That is a serious idea, held by a serious mind. Keep it in view, because the tragedy of Yellowstone is the spectacle of that idea being slowly buried under the man’s own success.
Transitioning Jurisdictions
When the films hit, Sheridan had cachet, and Paramount was standing up a network and effectively handed him the keys. He became the creative engine of a whole channel, the rare figure who actually writes his shows rather than supervising a room, and he used that position to spin up an entire universe. The first season of Yellowstone was supposed to be a real thing, a cinematic neo-Western about three roughly equal forces grinding against each other along those same arbitrary lines. There were the Native nations with the oldest claim to the land. There were the Duttons, the cattle barons, settler money pretending to be permanence. And there were the encircling forces of modernity, the developers and the funds and the agencies, coming to convert all of it into yield. Underneath the three was a fourth presence that never speaks, which is the land itself, indifferent, older than the fight, the thing that survives if every human party simply leaves.
You can still see the bones of that show in the early episodes. There are scenes that were clearly planted to pay off later and never do.
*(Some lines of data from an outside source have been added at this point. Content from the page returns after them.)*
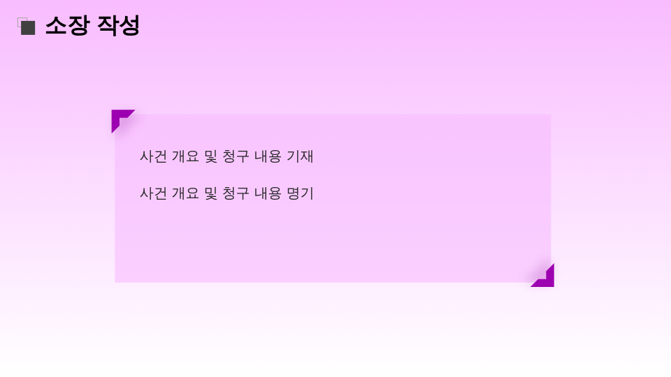 - 소장 작성법원 홈페이지 또는 법원 민원실에서 소장 양식을 다운받아 작성하세요.
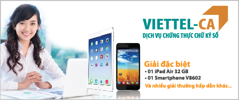 Theo đó, các khách hàng là doanh nghiệp đăng ký mới, gia hạn, chuyển đổi nhà cung cấp dịch vụ Viettel - CA sẽ có cơ hội nhận các giải thưởng hấp dẫn như: Giải đặc biệt iPad Air 32GB và điện thoại điện thoại Viettel V8602 (đây là điện thoại smartphone với màn hình cảm ứng rộng lên tới 5 inches) có tổng trị giá 21.340.000đ, 02 giải Nhất mỗi giải là một số điện thoại đẹp của Viettel (số tứ quý 7777 hoặc 6868 đầu 10 số) và điện thoại Viettel V8602 có tổng giá trị 12.350.000 đồng/giải, 05 giải Nhì là những cặp điện thoại Smartphone Viettel V8602 và V8403 có tổng giá trị 4.250.000 đồng/giải, 05 giải Ba là cặp điện thoại Viettel V8506 và Viettel Sumo V6202 có tổng giá trị 2.685.000 đồng/giải.
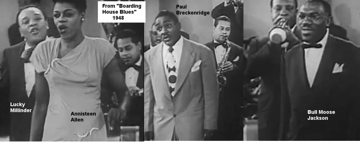 Somewhere along the way, the Millinder Orchestra had filmed some performances for the All American News movie "Boarding House Blues". Filmed in New York, it was released in September 1948. "Anistine Allen" (as she appeared in the credits) sang "Let It Roll", Paul Breckenridge sang "Sweet Slumber", and Bull Moose Jackson warbled "I Love You, Yes I Do". The September 4, New York Age was all over it; the first sentence read: "Dynamaestro Lucky Millinder's new starring film, 'Boarding House Blues', a full length feature production, will be released nationally in early September, for screening in a majority of America's movie houses." Good try, guys, but Millinder doesn't appear until an hour and five minutes into the film and I'm sure that it was shown mostly in theaters that had large black audiences. The band begins with a rousing instrumental number, fittingly called "Boarding House Blues" (written by Henry Glover), followed by Breckenridge, Allen, and Jackson, and then the band again, closing with "The Hucklebuck".
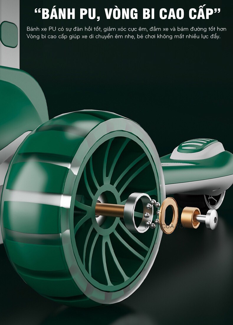 - Thiết kế 3 bánh cân xứng, chịu lực tốt và giữ được cân bằng cho xe
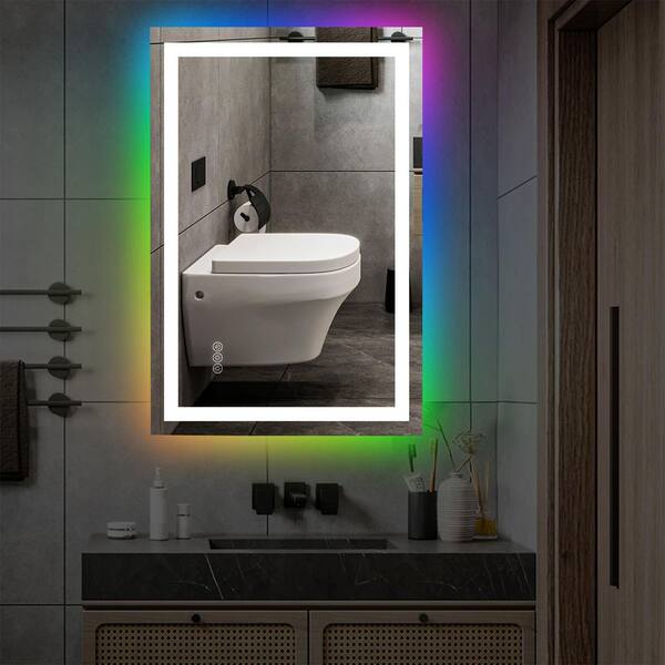 24 in. W x 32 in. H RGB Rectangular Frameless Anti-Fog Wall Mounted Bathroom Vanity Mirror

Two men switch barrels in a way that only matters if a jurisdictional dispute about a crime is about to turn on which side of a line it happened on. Dinosaur bones get unearthed, and I am convinced, knowing what Sheridan cares about, that those bones were a seed for a fight about federal antiquities law, about who owns what is found in the ground, the deepest version of the ownership question the show keeps circling. None of it pays off. The barrels are forgotten. The bones go nowhere. The Native characters, who were set up to face the same impossible double bind that Beth and Jamie face inside the family, the choice between loyalty and the machine, are quietly sidelined before they ever get to choose.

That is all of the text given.